** DATA RECORDS follows **

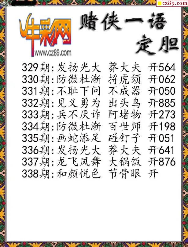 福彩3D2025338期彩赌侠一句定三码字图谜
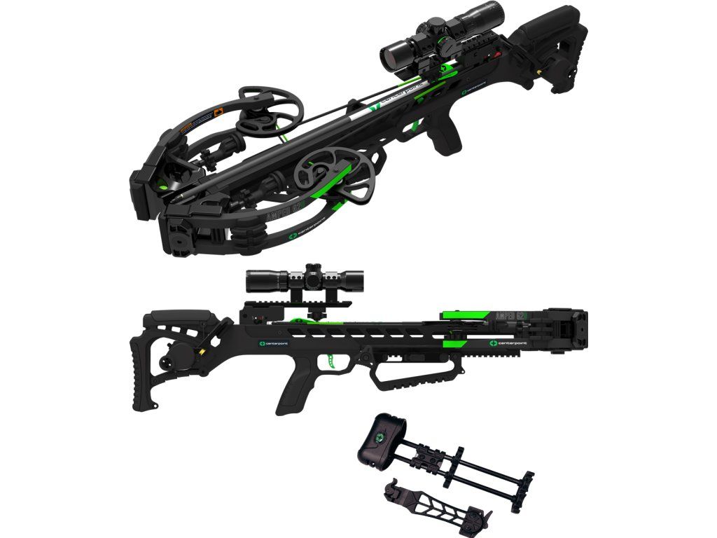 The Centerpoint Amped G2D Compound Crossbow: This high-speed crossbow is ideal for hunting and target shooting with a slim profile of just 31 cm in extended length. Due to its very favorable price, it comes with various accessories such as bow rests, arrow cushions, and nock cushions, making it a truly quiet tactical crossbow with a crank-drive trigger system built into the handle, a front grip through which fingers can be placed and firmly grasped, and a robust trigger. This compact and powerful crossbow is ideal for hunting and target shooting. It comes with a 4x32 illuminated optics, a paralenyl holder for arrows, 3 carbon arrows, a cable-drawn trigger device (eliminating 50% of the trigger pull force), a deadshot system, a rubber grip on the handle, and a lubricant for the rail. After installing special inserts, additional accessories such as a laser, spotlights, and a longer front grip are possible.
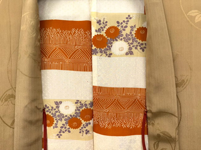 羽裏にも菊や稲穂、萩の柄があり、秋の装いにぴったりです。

** End of DATA RECORDS **
** DATA RECORDS follows **

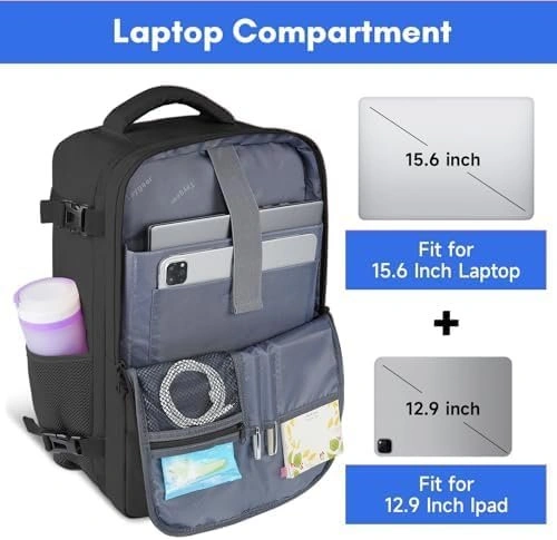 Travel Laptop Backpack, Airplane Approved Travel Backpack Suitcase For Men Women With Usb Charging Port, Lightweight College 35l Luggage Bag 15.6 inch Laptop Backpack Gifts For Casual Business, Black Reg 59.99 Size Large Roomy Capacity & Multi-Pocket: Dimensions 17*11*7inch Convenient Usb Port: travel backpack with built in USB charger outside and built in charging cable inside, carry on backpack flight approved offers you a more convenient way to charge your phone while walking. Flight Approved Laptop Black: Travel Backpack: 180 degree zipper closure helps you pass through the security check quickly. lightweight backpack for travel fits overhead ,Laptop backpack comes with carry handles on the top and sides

** End of DATA RECORDS **
** DATA RECORDS follows **

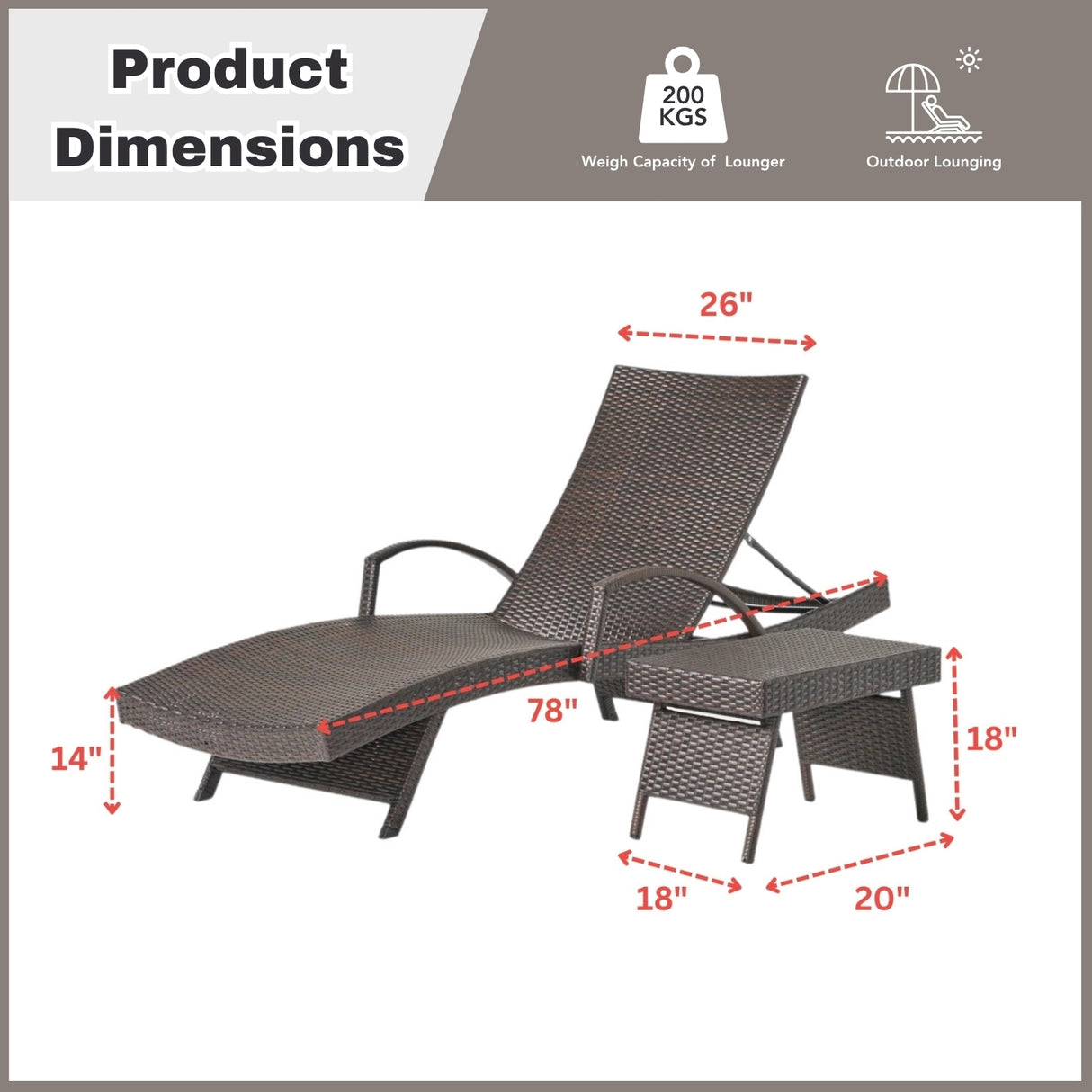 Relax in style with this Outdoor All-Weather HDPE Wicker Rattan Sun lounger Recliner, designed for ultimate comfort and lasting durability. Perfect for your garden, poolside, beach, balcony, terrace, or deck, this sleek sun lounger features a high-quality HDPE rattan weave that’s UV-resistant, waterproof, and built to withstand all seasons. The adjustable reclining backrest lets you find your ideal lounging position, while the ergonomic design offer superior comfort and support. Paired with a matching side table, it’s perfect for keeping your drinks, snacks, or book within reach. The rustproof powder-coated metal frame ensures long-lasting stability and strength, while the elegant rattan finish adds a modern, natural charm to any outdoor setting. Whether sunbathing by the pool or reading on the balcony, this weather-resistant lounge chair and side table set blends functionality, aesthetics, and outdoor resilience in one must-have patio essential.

** End of DATA RECORDS **

The material above holds pictures; leave them out and set down exactly the lines from the line with "福彩3D2025338期彩赌侠一句定三码字图谜" to the line with "羽裏にも菊や稲穂、萩の柄があり、秋の装いにぴったりです。", both included.

EXERCISE SOLUTION:
 福彩3D2025338期彩赌侠一句定三码字图谜
 The Centerpoint Amped G2D Compound Crossbow: This high-speed crossbow is ideal for hunting and target shooting with a slim profile of just 31 cm in extended length. Due to its very favorable price, it comes with various accessories such as bow rests, arrow cushions, and nock cushions, making it a truly quiet tactical crossbow with a crank-drive trigger system built into the handle, a front grip through which fingers can be placed and firmly grasped, and a robust trigger. This compact and powerful crossbow is ideal for hunting and target shooting. It comes with a 4x32 illuminated optics, a paralenyl holder for arrows, 3 carbon arrows, a cable-drawn trigger device (eliminating 50% of the trigger pull force), a deadshot system, a rubber grip on the handle, and a lubricant for the rail. After installing special inserts, additional accessories such as a laser, spotlights, and a longer front grip are possible.
 羽裏にも菊や稲穂、萩の柄があり、秋の装いにぴったりです。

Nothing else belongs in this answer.